Don't want to see articles from a certain category? When logged in, go to your User Settings and adjust your feed in the Content Preferences section where you can block tags!
We do often include affiliate links to earn us some pennies. See more here.

After a long bumpy road with many revisions, it appears that the futex2 work sponsored by Valve is finally heading into the upstream Linux Kernel. Initially much larger, the work was slimmed down to get the main needed parts done and enabled before the rest can make it in.

So what is it? As developer André Almeida previously described it: "The use case of this syscall is to allow low level locking libraries to wait for multiple locks at the same time. This is specially useful for emulating Windows' WaitForMultipleObjects. A futex_waitv()-based solution has been used for some time at Proton's Wine (a compatibility layer to run Windows games on Linux). Compared to a solution that uses eventfd(), futex was able to reduce CPU utilization for games, and even increase frames per second for some games. This happens because eventfd doesn't scale very well for a huge number of read, write and poll calls compared to futex. Native game engines will benefit of this as well, given that this wait pattern is common for games.".

Speaking on Twitter, Valve developer Pierre-Loup Griffais said "It's amazing news that futex_waitv() seems to be on its way to the upstream kernel! Many thanks to the continued efforts of our partners at Collabora, CodeWeavers, and to the upstream community.".
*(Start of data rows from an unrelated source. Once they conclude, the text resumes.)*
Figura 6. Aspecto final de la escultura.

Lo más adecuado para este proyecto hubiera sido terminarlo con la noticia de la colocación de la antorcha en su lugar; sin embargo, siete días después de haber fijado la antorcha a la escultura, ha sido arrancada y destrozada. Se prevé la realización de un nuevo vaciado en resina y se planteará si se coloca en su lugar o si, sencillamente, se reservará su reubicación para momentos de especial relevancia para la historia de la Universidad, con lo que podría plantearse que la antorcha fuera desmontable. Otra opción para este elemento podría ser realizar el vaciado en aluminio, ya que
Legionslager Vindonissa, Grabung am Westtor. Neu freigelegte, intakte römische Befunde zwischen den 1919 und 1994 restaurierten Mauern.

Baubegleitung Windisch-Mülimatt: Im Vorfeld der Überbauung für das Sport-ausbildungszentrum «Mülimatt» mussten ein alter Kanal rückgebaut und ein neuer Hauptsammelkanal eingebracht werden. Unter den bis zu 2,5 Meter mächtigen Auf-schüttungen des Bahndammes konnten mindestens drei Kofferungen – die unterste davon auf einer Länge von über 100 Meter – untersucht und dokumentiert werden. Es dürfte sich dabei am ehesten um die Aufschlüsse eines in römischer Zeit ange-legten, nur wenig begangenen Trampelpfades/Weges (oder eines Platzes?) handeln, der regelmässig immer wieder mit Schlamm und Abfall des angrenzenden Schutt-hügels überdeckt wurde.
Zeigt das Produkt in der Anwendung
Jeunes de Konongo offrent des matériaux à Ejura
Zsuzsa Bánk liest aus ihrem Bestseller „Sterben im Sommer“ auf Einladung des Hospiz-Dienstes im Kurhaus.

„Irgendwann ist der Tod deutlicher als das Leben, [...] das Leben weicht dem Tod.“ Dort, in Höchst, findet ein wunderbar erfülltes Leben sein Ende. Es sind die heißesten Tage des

Ideally then this will help Windows games in Proton on Linux run better. But that's not all!

Also interesting is the follow-up post from Griffais that mentions "Beyond Wine/Proton, we are also excited to bring those multi-threaded efficiency gains to Linux-native game engines and applications through some variant of the following primitive, pending more discussion with the glibc community:" with a link to some glibc work.
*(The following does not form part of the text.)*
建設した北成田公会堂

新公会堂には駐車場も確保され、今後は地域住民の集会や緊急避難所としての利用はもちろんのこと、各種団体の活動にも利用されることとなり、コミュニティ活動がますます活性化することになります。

Article taken from GamingOnLinux.com.
40 Likes
About the author -
author picture
I am the owner of GamingOnLinux. After discovering Linux back in the days of Mandrake in 2003, I constantly checked on the progress of Linux until Ubuntu appeared on the scene and it helped me to really love it. You can reach me easily by emailing GamingOnLinux directly.
See more from me
The comments on this article are closed.
All posts need to follow our rules. For users logged in: please hit the Report Flag icon on any post that breaks the rules or contains illegal / harmful content. Guest readers can email us for any issues.
14 comments

jordicoma Oct 10, 2021
What? A functionality coming from windows world that its good?
kit89 Oct 10, 2021
What? A functionality coming from windows world that its good?

Not really, WaitForMultipleObjects() is different/higher-level than futex2, however futex2 can be used to implement a faster/better version of WaitForMultipleObjects().
3zekiel Oct 10, 2021
What? A functionality coming from windows world that its good?
Well, saying that gaming has not been the scientific focus on Linux would not be a big surprise right ?
From there on, it figures that for at least some cases windows has some better mechanism for gaming related workloads. Also, this just takes some ideas from windows and extend a linux idea (futexes), not an implementation from the windows syscall itself.
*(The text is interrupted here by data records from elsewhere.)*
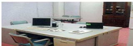
インキュベートルーム 起業家支援、産業の活性化。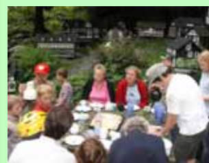
Verpflegung unserer Gäste bei einer Wanderung zum Hammerkotten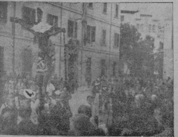
La imagen de la Sangre al llegar a la Catedral (Véase información en pág. 6)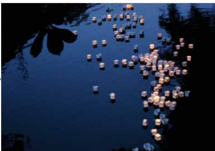
Tända lyktor på Fyrisåns vatten på Hiroshimadagen 2011.

Generally speaking, all OSes have their pro and cons, and looking at your neighbor for some inspiration is always a good idea. As long as you do not blindly copy :)
ShabbyX Oct 10, 2021
I wonder why they didn't instead try and make eventfd more efficient?


Last edited by ShabbyX on 10 October 2021 at 5:03 pm UTC
ShabbyX Oct 10, 2021
What? A functionality coming from windows world that its good?

It's not necessarily good. If windows has feature X, games will depend on it. Now it may have been better if games did Y instead, but that doesn't exist and they are stuck with X.

Just because Linux now needs a way to implement X doesn't mean that X was the best option, just that because of windows we are now stuck with it.
nenoro Oct 10, 2021
I thought it was already in Zen Kernel and maybe Xanmod ?
BielFPs Oct 10, 2021
I wonder why they didn't instead try and make eventfd more effiecient?
Probably because they would have the burden of not breaking software depending on early versions, same reason of why they called it "futex2" instead of just modify the original futex.

With futex2 they have all the freedom they need without have to worry about legacy compatibility.

I thought it was already in Zen Kernel and maybe Xanmod ?
Yes but those are not the "official kernel linux", or in another words they are linux kernels with custom patches (like Wine and Proton or Proton and Proton GE for example)

What changed in this case is that futex2 will also be part of the official kernel, so any distro using the mainline kernel 5.16+ will have support to futex2 by default, without the necessity of custom patches (commonly called "out of tree") like Xanmod does for example.
nenoro Oct 10, 2021
I wonder why they didn't instead try and make eventfd more effiecient?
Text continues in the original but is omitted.